In our journeys of grief, so personal and heavy, our marriage suffered such strain. I packed up some things into a backpack and left for a months-long journey across Canada, running from something that was so deep inside of me. When I returned, our marriage ended and I became a young single mom, in an apartment, attending school and volunteering. My soul had come to a peace about the death of my son and I felt strong. I felt rich in blessings, even though I couldn’t afford gas for our car and we bicycled everywhere. I felt somehow free.
That winter, my child and I stepped outside and there on our porch was a beautiful box of fruit, cookies, a ham, a toy and a few other items. I remember now, as I write, feeling so cared for, in that someone cared for us the way we cared for others too. I dropped my child off at the university daycare and cycled to my adult literacy volunteer position and gushed to a peer about this amazing box! Her nonchalance rivelled my excitement and she casually offered “Yeah, that’s a food hamper.” I was intrigued, having never heard of this before. “What’s a ‘food hamper”?” I asked. “A ‘FOOD HAMPER’,” she repeated, slower and louder, as though my grasp of the English language was now failing me too. “They give them out at Christmas time, to people who are poor.” My knees felt week and I wanted to throw up. We weren’t poor. Or were we?
In those few words, that beautiful act of caring, that left me feeling empowered and cared for was reframed as an exercise of charity for those who are “poor”.
As we head into this season of giving, in the unsurety of a looming pandemic, troubling rent and food costs and the traditionally higher rates of suicide, domestic violence and drug overdoses than other times of the year, language is even more important.

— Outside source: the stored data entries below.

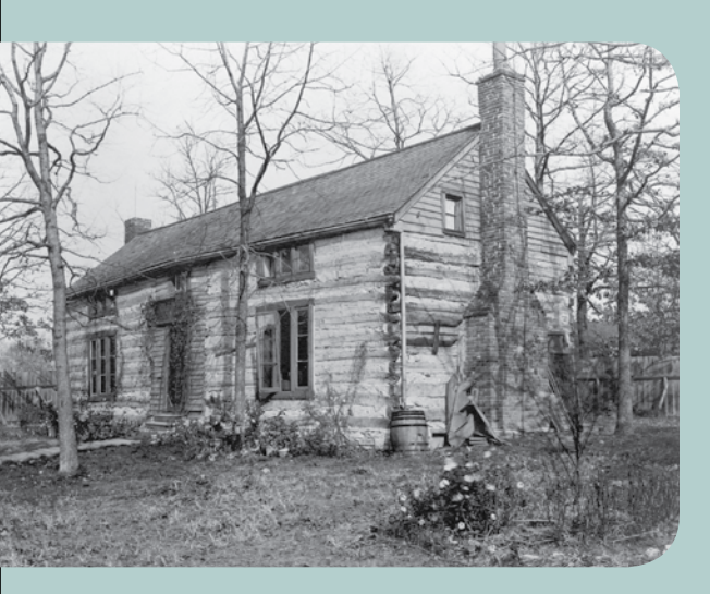
White Haven, the Ulysses S. Grant National Historic Site circa 1920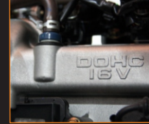
• 1.2L DOHC EFI Engine BOSCH Engine Management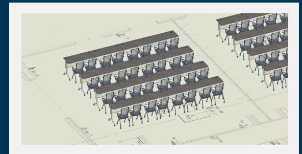
TRAINING ROOMS: SIDE VIEW

The custom designed training facility will feature state of the art retractable screens and individual monitors for each desk station.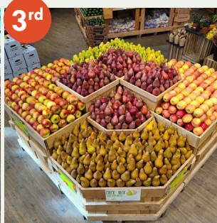
MONADNOCK FOOD CO-OP Keene, NH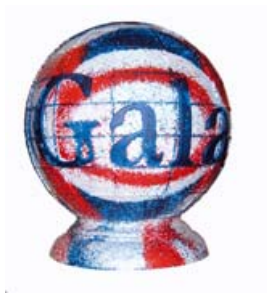
Unique pattern and coloring effect

To produce micropellets, the polymer melt must be supplied at high pressure to the die plate. It should also be filtered to prevent blocking of the die plate holes, which would require the use of a gear pump and screen changer. At the die head, a polymer diverter valve will direct melt accurately to the die.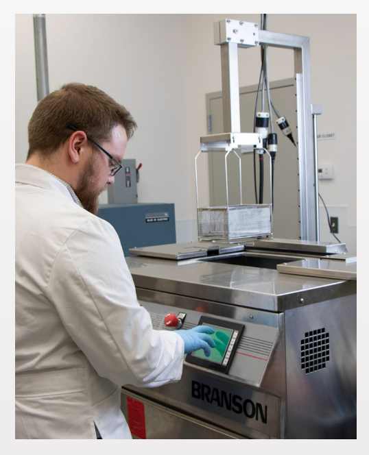
MicroCare technical experts can help you smoothly transition from TCE to a better cleaning fluid.

prior to painting, plating, welding or subsequent processing. The type of contamination you face will help dictate which trichloroethylene replacement cleaning fluid will work best.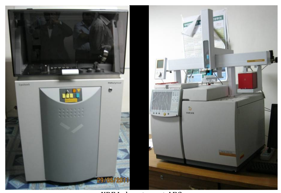
XRF Laboratory at AEC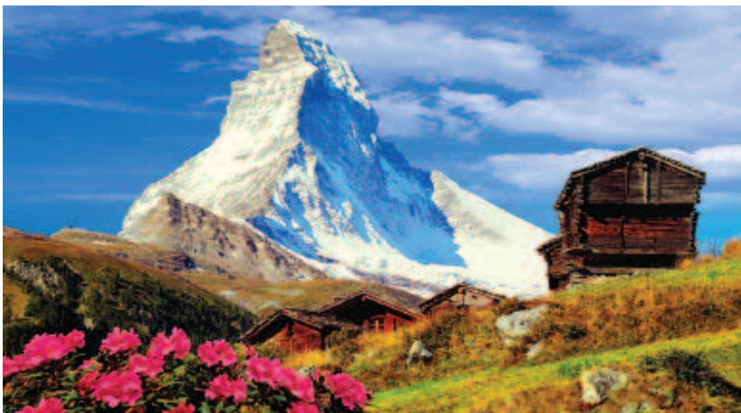
The unmistakable profile of the Matterhorn's dramatic ice-sculpted summit presents an image of alpine splendor and majesty that has inspired poets and artists for centuries.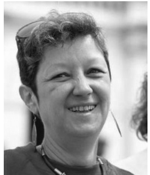
Norma McCorvey, Jane Roe of Roe v Wade

She claims to have had two abortions before her own religious conversion in 1983. She has described abortion as "womb lynching" and accusing Planned Parenthood of profiting from "aborted black ba-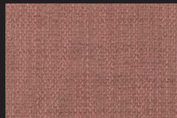
17278 - 13 rose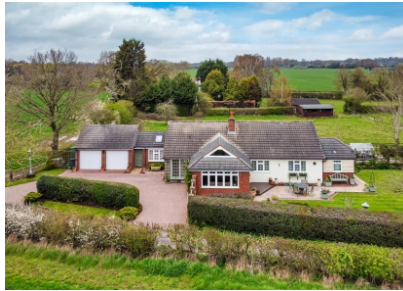
Holly Lodge, Church Lane, Boningale, Albrighton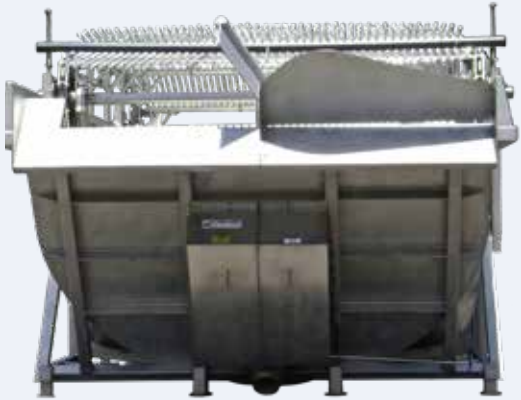
Drag Chiller Outlet End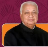
CHIEF GUEST SHRI ARIF MOHAMMAD KHAN Hon'ble Governor Government of Bihar

सोमनाथ शोध केंद्र PUBLIC POLICY RESEARCH CENTRE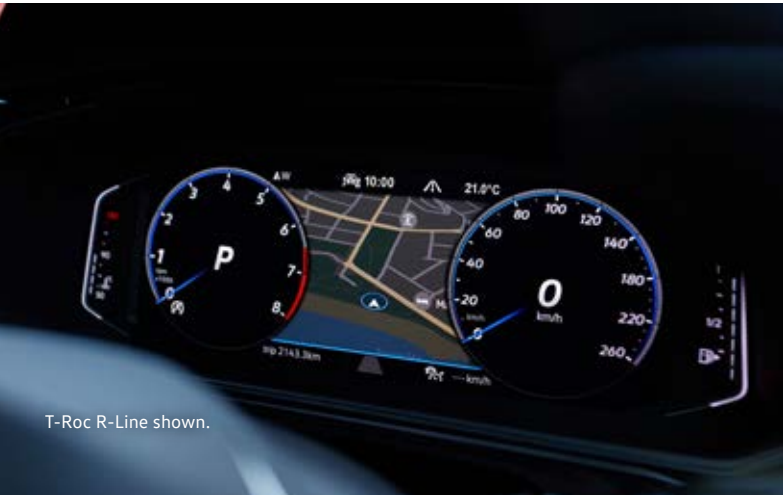
T-Roc R-Line shown.

*Safety technologies are designed to assist the driver, but should not be used as a substitute for safe driving practices.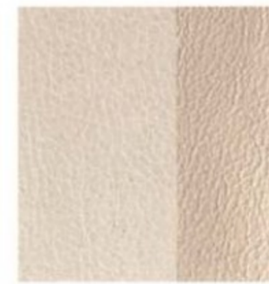
Camel Leather Optional on Limited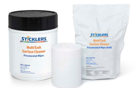
Refills reduce costs & waste!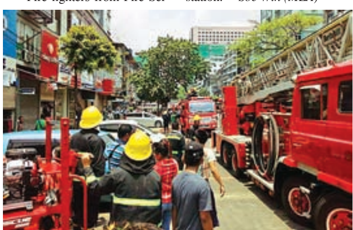
Fire breaks out at Pansoedan Business Tower in Kyauktada Township.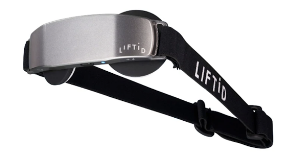
Figure 4. LIFTiD, a commercial tDCS device available that recommends 20 minutes usage a day to maximize attention, focus, and alertness (RPW Technology, 2022).

Currently, tDCS is available online for a fairly cheap price and its popularity is steadily growing. In recent studies, tDCS constitutes a promising therapeutic intervention for psychiatric disorders such as people with major depressive disorder (Bennabi and Haffen, 2018). Commercial headsets have become available as well and are just one click away from users. The headset's stimulation encourages the brain to form new connections enhancing users' process of learning. Professional skiers of the Olympic National team train using electric stimulation headbands known as halo (Yuhas, 2018). Targeted audiences for companies selling tDCS also include the average student who wants to perform better in their next exam although neuroscientists have raised concerns about this practice. There are still many unknowns to what long-term side effects tDCS can have after repeated use as well as how the other regions of the brain will react. Emiliano Santarnecchi, a neurologist at Harvard medical school, also emphasized that each brain is different and that individuals may react differently to the stimulation (Yuhas, 2018).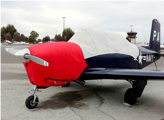
T-34A Insulated Engine Cover

This cover type is made from Silver Acrylic Sunbrella canvas and is 100% lined with a soft and smooth microfiber. Bruce's Custom Covers developed this material combination especially for aircraft protection. The outer material is medium weight and treated for water resistance, UV resistance and anti-static buildup. The inner lining is a very soft and smooth microfiber to prevent scratching. The material is very reflective, and tests show that the cabin interior temperature can be reduced to near-ambient temperature on the hottest of days. It is water, ice and snow repellent, yet breathable to allow moisture to escape from between the cover and the aircraft surface.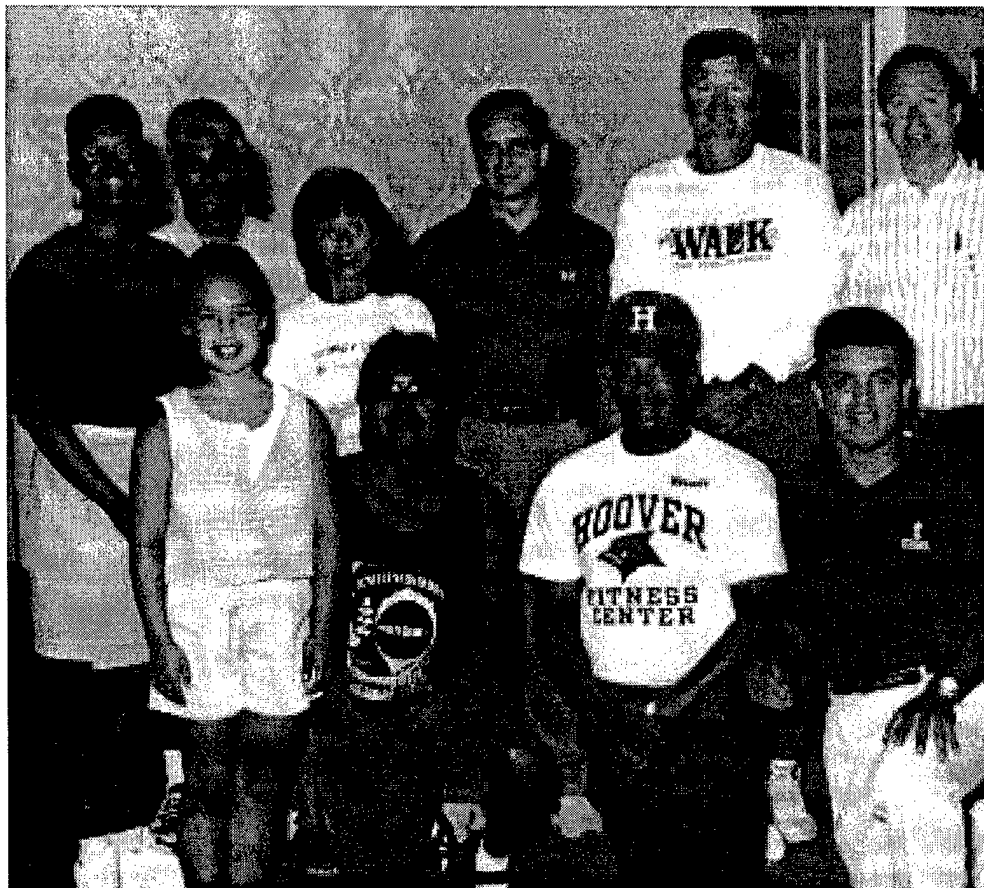
Some of the representatives from 10 exemplary physical activity programs, and others who received individual recognition, gathered for a photograph during last summer's press conference.

and maintain independence is important, especially for older adults."

Our people need to feel that we support them because we are all in this together and we celebrate what each is doing to make it through this difficult time. Acts of charity can be reframed as offerings of gratitude for one’s resilience.
Speak encouragement for all of us to cross that finish line. Tell folks you’ve been there too. This is the universal language of humanity, compassion and love.
Take good care of each other.
***
Andrea Charest serves as director of It Takes A Village in Listowel.